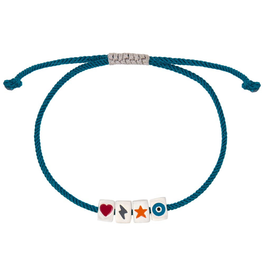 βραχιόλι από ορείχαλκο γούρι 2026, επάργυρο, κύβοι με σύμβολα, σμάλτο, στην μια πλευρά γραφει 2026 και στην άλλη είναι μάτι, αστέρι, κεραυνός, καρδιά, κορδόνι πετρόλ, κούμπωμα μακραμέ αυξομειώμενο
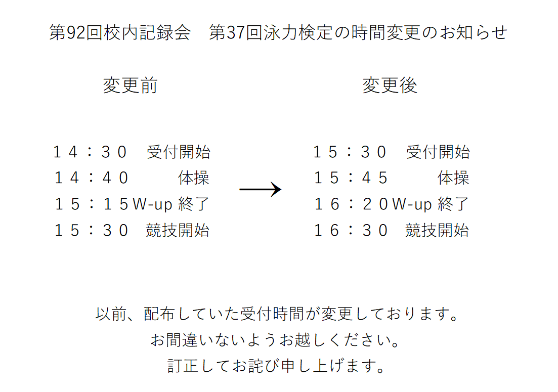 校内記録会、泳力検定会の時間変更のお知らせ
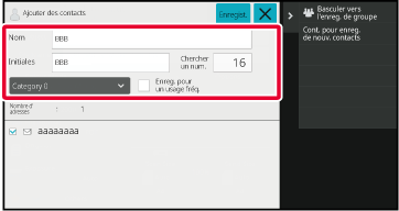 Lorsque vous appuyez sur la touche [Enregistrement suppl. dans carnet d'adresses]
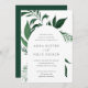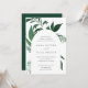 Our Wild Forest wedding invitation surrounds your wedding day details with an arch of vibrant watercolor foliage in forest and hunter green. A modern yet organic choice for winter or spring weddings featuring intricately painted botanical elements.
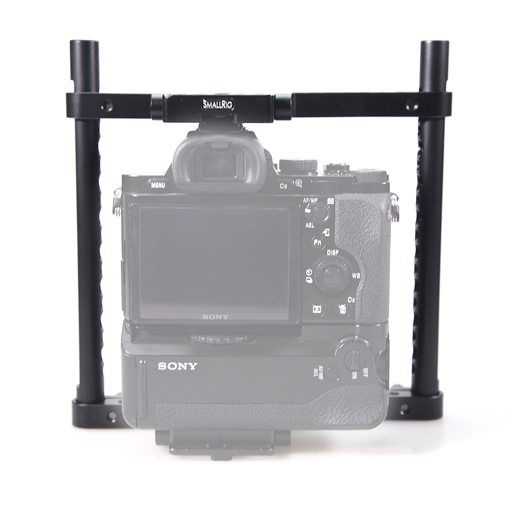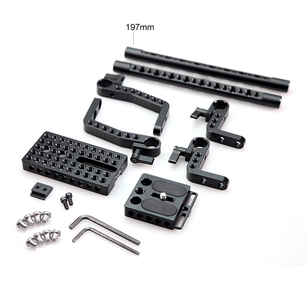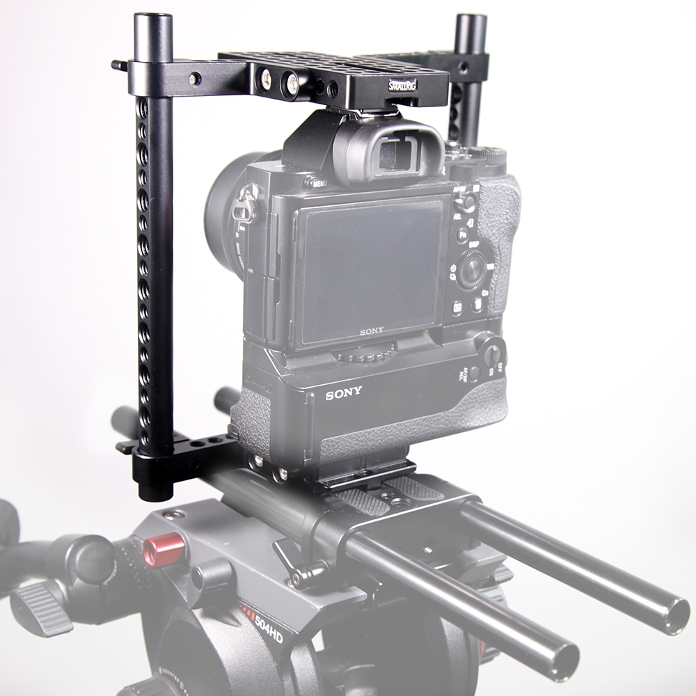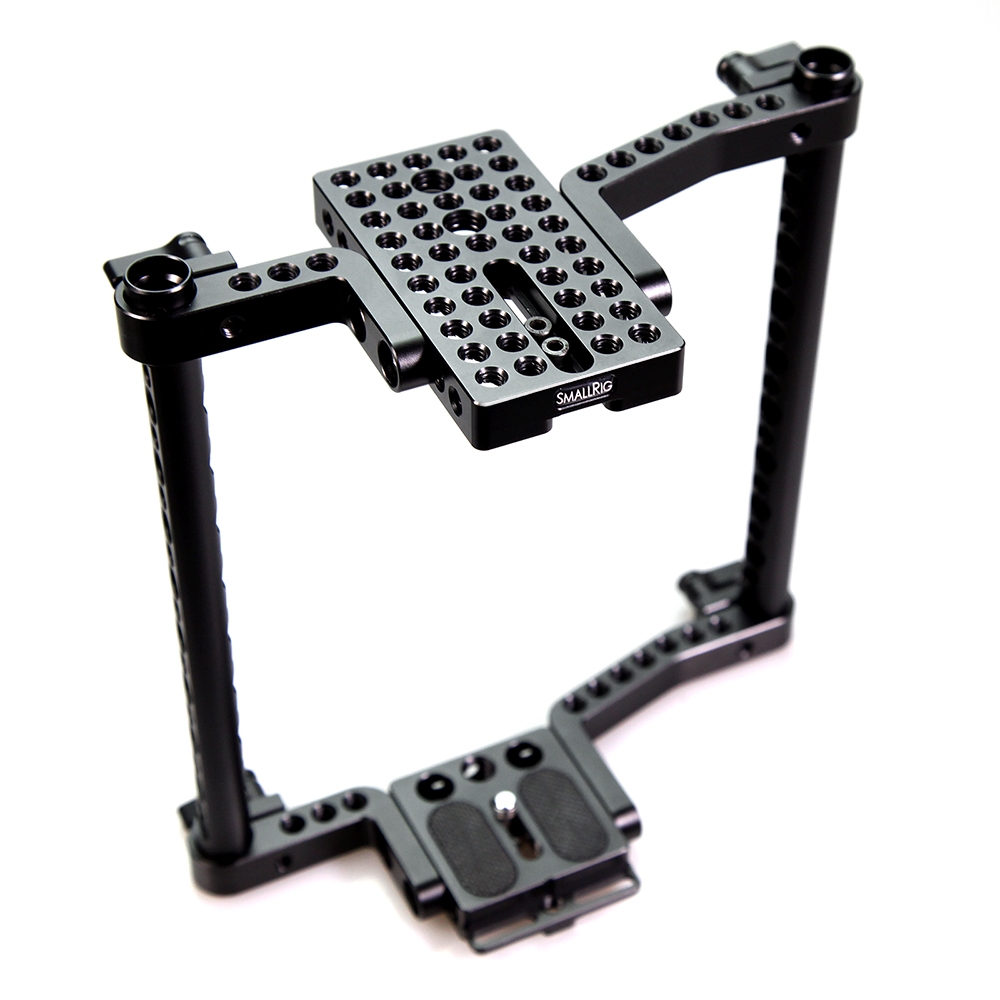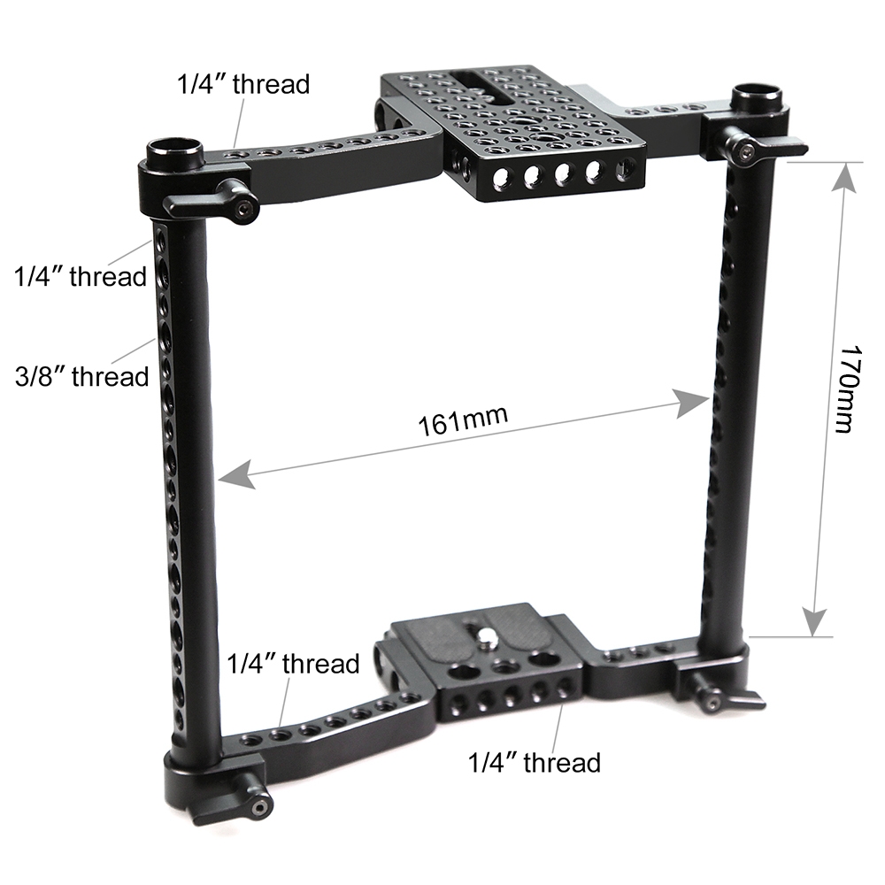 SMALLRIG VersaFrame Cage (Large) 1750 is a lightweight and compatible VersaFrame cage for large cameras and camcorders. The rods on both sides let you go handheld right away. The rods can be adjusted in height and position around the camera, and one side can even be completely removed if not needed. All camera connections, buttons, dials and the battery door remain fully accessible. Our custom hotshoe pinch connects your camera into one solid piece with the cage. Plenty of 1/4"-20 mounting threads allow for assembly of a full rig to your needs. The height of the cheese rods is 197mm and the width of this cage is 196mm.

***

HOW TO COMPLETE THIS TASK
The entries above should be written out in full, and any picture in them left out.

RESPONSE TO THIS TASK
 βραχιόλι από ορείχαλκο γούρι 2026, επάργυρο, κύβοι με σύμβολα, σμάλτο, στην μια πλευρά γραφει 2026 και στην άλλη είναι μάτι, αστέρι, κεραυνός, καρδιά, κορδόνι πετρόλ, κούμπωμα μακραμέ αυξομειώμενο
 校内記録会、泳力検定会の時間変更のお知らせ
 Lorsque vous appuyez sur la touche [Enregistrement suppl. dans carnet d'adresses]
 Our Wild Forest wedding invitation surrounds your wedding day details with an arch of vibrant watercolor foliage in forest and hunter green. A modern yet organic choice for winter or spring weddings featuring intricately painted botanical elements.
 SMALLRIG VersaFrame Cage (Large) 1750 is a lightweight and compatible VersaFrame cage for large cameras and camcorders. The rods on both sides let you go handheld right away. The rods can be adjusted in height and position around the camera, and one side can even be completely removed if not needed. All camera connections, buttons, dials and the battery door remain fully accessible. Our custom hotshoe pinch connects your camera into one solid piece with the cage. Plenty of 1/4"-20 mounting threads allow for assembly of a full rig to your needs. The height of the cheese rods is 197mm and the width of this cage is 196mm.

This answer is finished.